Class "interpolation" (distance to classes)

rodrigo.constanzo · February 11, 2024, 8:12pm

And for the final bit of testing (or things I have to test for now), here is that comparison.

////////////////////////////////////////////////////////////////////////////

So this is 31d PCA’d MFCC (raw/unnormalized) on the top and 28d spectralshape on the bottom:

Pretty close, but I have to say I think the MFCC is doing a bit better here.

Here’s the time series comparison:
pca vs spectral

The “dynamic range” of the spectralshape is a touch better, but the smoothness of the ramps looks better for the PCA’d MFCCs.

Given the reduced “dynamic range”, I wanted to try and see how these actually look if I scale/normalize the range a bit.

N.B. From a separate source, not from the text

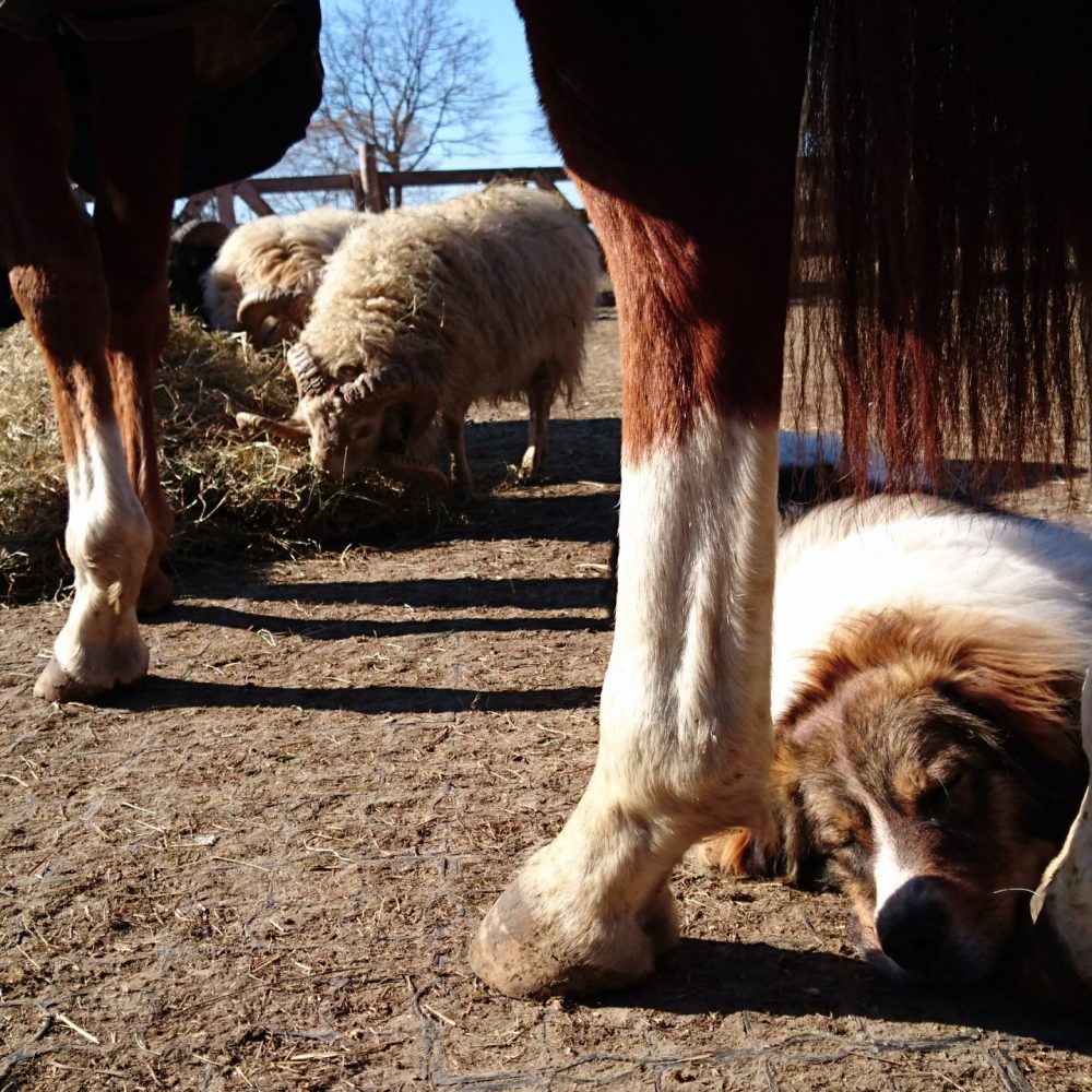 Meine Hunde leben das ganze Jahr über als Rudel zusammen mit ihrer gemischten Herde bestehend aus Pferden, Rindern, Schafen und einigen Hühnern auf fest eingezäunten Grundstücken (Knotengeflecht und Elektrozaun) mit den dazugehörigen Ställen. Auch Katzen kennen und tolerieren sie. Trotz Festzaun verfüge ich aber auch über Elektronetze, um die Hunde an andere Gegebenheiten zu gewöhnen. Zum Versorgen der Tiere bin ich mehrmals am Tag für mehrere Stunden vor Ort. Dabei kommt natürlich auch die individuelle Betreuung der einzelnen Hunde nicht zu kurz. Meine Grundstücke liegen siedlungsnah, aber trotzdem ländlich und sind täglich von vielen Spaziergängern, Radfahrern, Autos und Landmaschinen frequentiert. Daher sind meine Hunde neben ihrer Herde schon früh auch auf alle möglichen Umweltreize vorbereitet und geprägt. Ich lege größten Wert auf eine gute Sozialisierung der Welpen innerhalb und außerhalb ihrer Herde.

That gives me a time plot that looks like this:
normalized

Which I then paired with a more contextual assessment. Which sounds better. Or rather, which has a smoother trajectory when sonified in this way.

Here are the results:

If I close my eyes and just listen, the PCA’d MFCCs sound a lot more smooth in the transitions. The spectralshape one, although looking a bit smoother sometimes, tends to jump/stick to values more it seems.

////////////////////////////////////////////////////////////////////////////

The effectiveness of these PCA’d MFCCs made me wonder how they stack up in terms of classification accuracy. This is something I had actually tried years ago and got absolutely dogshit results, but as outlined earlier in this thread, I think the normalization post PCA-ing was just breaking the relationship between the MFCC coefficients.

So I plugged this PCA-ing into my accuracy test and got the following results (inserted into the data from earlier today):

4 classes:

pca’d mfcc - 97.22% (my best results so far!)
mfcc baseline - 95.8333% (my previous “gold standard”)
spectral baseline - 87.5%
spectral no loudness - 87.5%
spectral no deriv - 88.88%

10 classes:

pca’d mfcc - 87.5%
mfcc baseline - 86.11%
spectral baseline - 66.66%
spectral no loudness - 66.66%
spectral no deriv - 72.22%

A slight improvement, but an improvement nonetheless. And this is using fluid.knnclassifier~, whereas I got better results using fluid.mlpclassifier~ before.

////////////////////////////////////////////////////////////////////////////

So it seems that overall, PCA’d MFCCs capture the most variance here and still capture good transitional/interpolation states. The spectralshape stuff was very promising (though I did dread having to add a whole new descriptor “type” to SP -Tools), but not quite as good as just (further) refined MFCCs.